---------- Record extracts ----------

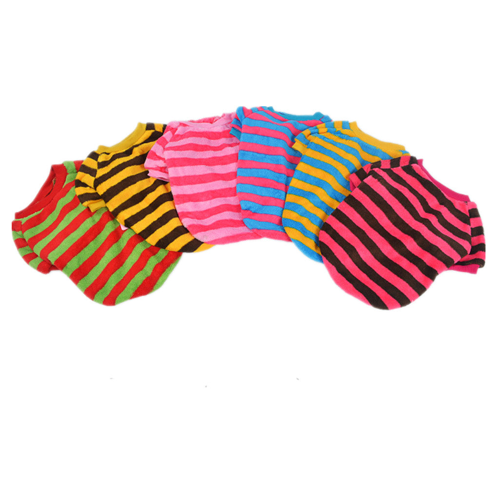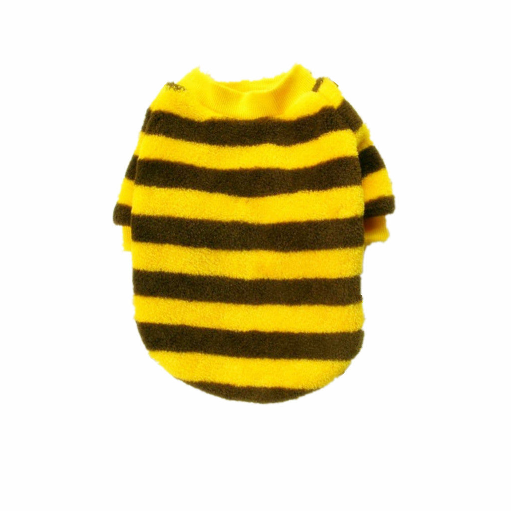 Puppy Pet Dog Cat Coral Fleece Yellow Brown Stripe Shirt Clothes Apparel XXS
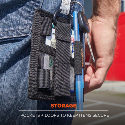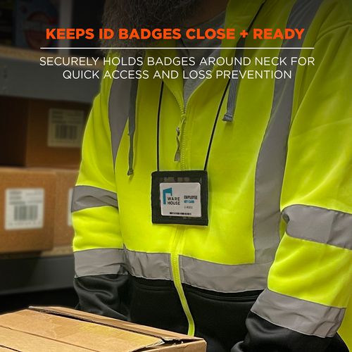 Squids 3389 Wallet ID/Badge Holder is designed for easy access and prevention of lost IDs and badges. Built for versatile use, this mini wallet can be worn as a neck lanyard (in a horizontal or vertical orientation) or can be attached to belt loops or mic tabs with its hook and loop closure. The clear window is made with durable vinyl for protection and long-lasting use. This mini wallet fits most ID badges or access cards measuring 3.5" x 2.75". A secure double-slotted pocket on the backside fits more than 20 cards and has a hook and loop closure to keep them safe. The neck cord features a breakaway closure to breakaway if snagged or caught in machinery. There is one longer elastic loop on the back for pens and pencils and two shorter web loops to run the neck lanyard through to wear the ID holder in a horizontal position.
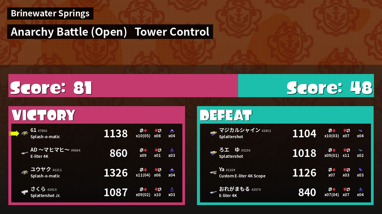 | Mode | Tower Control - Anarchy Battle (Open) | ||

----------
---------- Record extracts ----------

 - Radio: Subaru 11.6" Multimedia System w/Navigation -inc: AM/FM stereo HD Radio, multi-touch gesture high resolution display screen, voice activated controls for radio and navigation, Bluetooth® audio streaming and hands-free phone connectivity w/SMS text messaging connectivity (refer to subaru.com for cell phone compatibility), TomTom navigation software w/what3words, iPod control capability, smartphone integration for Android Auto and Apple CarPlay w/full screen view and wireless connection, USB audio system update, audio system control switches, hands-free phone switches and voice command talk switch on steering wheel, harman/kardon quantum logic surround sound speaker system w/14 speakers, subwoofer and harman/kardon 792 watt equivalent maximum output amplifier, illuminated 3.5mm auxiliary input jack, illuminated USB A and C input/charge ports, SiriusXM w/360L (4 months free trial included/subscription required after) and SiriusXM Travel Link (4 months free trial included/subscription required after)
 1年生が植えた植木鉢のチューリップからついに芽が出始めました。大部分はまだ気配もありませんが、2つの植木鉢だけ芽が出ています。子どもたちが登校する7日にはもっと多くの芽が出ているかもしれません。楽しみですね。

----------

Return the lines above from the one with "Puppy Pet Dog" through the one with "Battle (Open) | ||", verbatim and nothing else. Omit every picture.

**Written answer**
 Puppy Pet Dog Cat Coral Fleece Yellow Brown Stripe Shirt Clothes Apparel XXS
 Squids 3389 Wallet ID/Badge Holder is designed for easy access and prevention of lost IDs and badges. Built for versatile use, this mini wallet can be worn as a neck lanyard (in a horizontal or vertical orientation) or can be attached to belt loops or mic tabs with its hook and loop closure. The clear window is made with durable vinyl for protection and long-lasting use. This mini wallet fits most ID badges or access cards measuring 3.5" x 2.75". A secure double-slotted pocket on the backside fits more than 20 cards and has a hook and loop closure to keep them safe. The neck cord features a breakaway closure to breakaway if snagged or caught in machinery. There is one longer elastic loop on the back for pens and pencils and two shorter web loops to run the neck lanyard through to wear the ID holder in a horizontal position.
 | Mode | Tower Control - Anarchy Battle (Open) | ||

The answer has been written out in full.